Configure worker nodes to access Amazon S3¶

In various scenarios, worker nodes may need write access to the S3 bucket. E.g. Ray Tune has the option that worker nodes write distributed checkpoints to S3 instead of syncing back to the driver using rsync.

If you see errors like “Unable to locate credentials”, make sure that the correct IamInstanceProfile is configured for worker nodes in cluster.yaml file. This may look like:

worker_nodes:
    InstanceType: m5.xlarge
    ImageId: latest_dlami
    IamInstanceProfile:
        Arn: arn:aws:iam::YOUR_AWS_ACCOUNT:YOUR_INSTANCE_PROFILE

You can verify if the set up is correct by entering one worker node and do

aws configure list

You should see something like

      Name                    Value             Type    Location
      ----                    -----             ----    --------
   profile                <not set>             None    None
access_key     ****************XXXX         iam-role
secret_key     ****************YYYY         iam-role
    region                <not set>             None    None

Please refer to this discussion for more details.

Using Amazon CloudWatch¶

Amazon CloudWatch is a monitoring and observability service that provides data and actionable insights to monitor your applications, respond to system-wide performance changes, and optimize resource utilization. CloudWatch integration with Ray requires an AMI (or Docker image) with the Unified CloudWatch Agent pre-installed.

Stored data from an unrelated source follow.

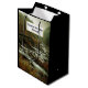 Gift bag with a nature photograph. Moody and beautiful landscape. A secluded stone bridge beside a lively river with a forest and mountains surrounding the area.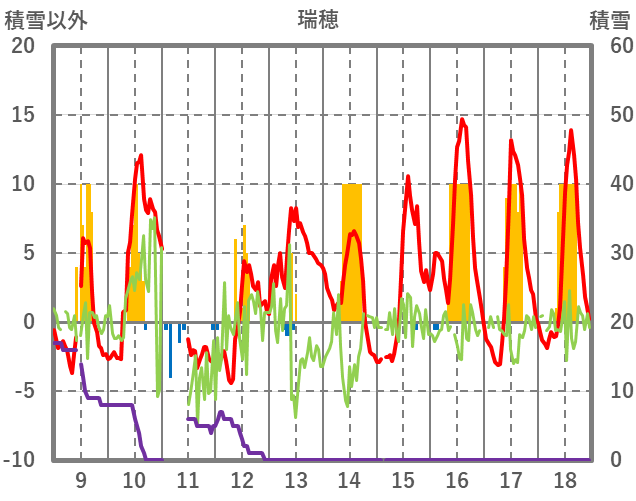 | 日 | 時 | 気温 | 降水 | 風向/風速 | 日照 | 積雪 | 降雪 |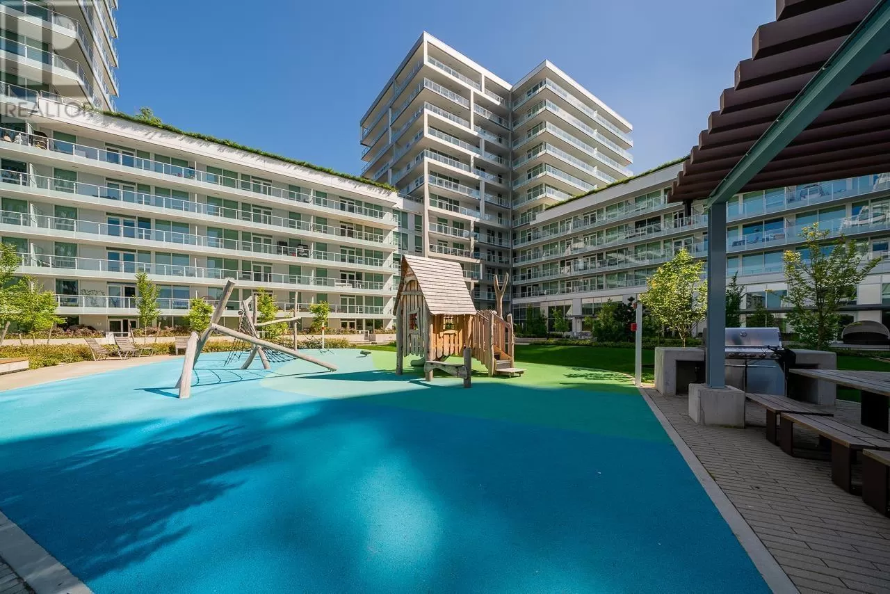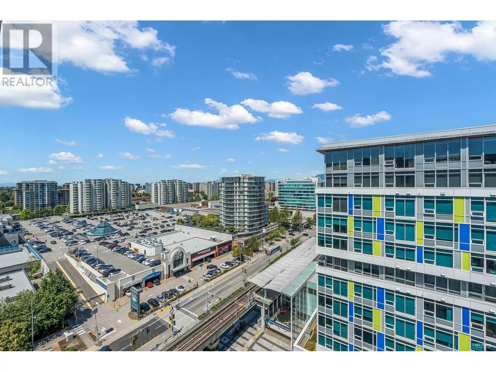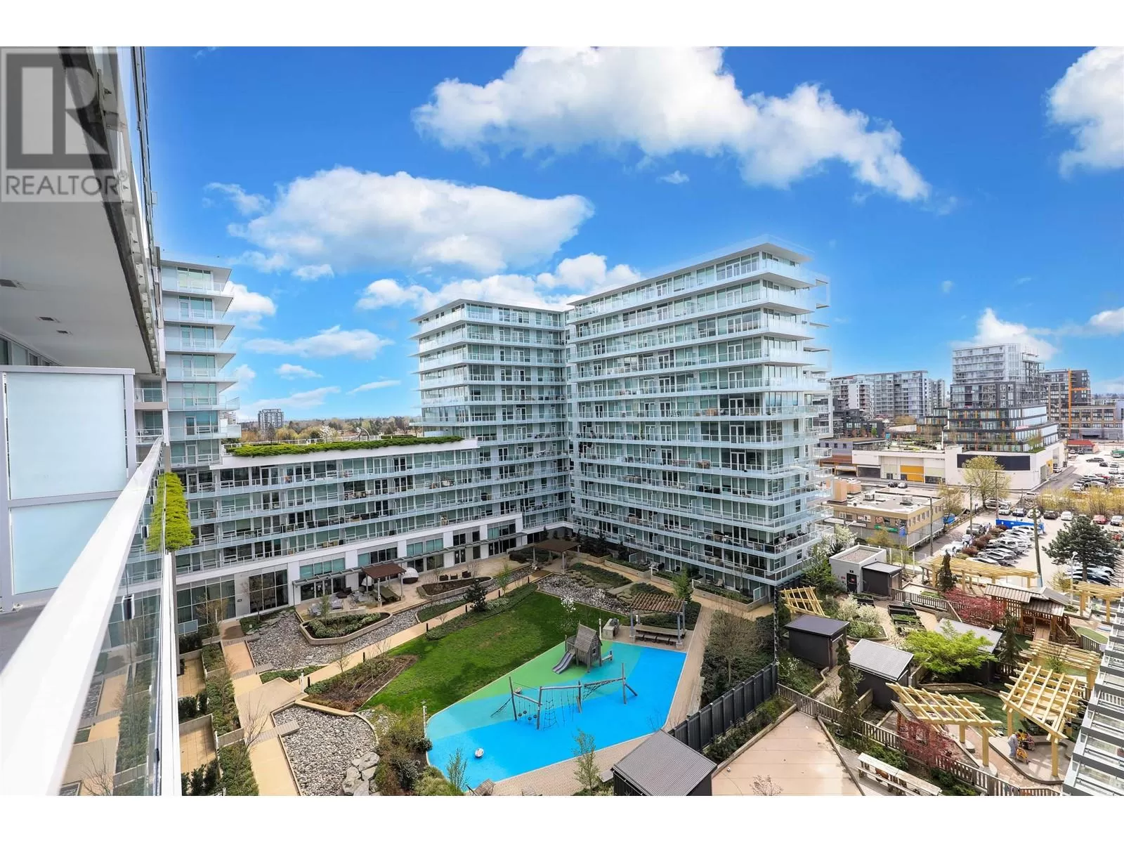 Welcome to The Paramount - Modern Living in the Heart of Richmond! This 3 years old south-facing 1-bedroom + Den unit features an open-concept layout, top-quality finishes, A/C, quartz countertops, 9' ceilings, and a huge south-facing BALCONY with panoramic city views, along with sightlines to the beautifully landscaped roof top playground.. Great layout with bright interiors, large windows, and a functional den for work or storage. Exceptional amenities include a fitness centre, sauna/steam rooms, party room, meeting room, and outdoor play area. Steps to SkyTrain, shopping, restaurants & more. 1 parking included. School catchment: Cook Elementary & MacNeill Secondary. (id:27476)

AMIs with the Unified CloudWatch Agent pre-installed are provided by the Amazon Ray Team, and are currently available in the us-east-1, us-east-2, us-west-1, and us-west-2 regions. Please direct any questions, comments, or issues to the Amazon Ray Team.

The table below lists AMIs with the Unified CloudWatch Agent pre-installed in each region, and you can also find AMIs at amazon-ray README.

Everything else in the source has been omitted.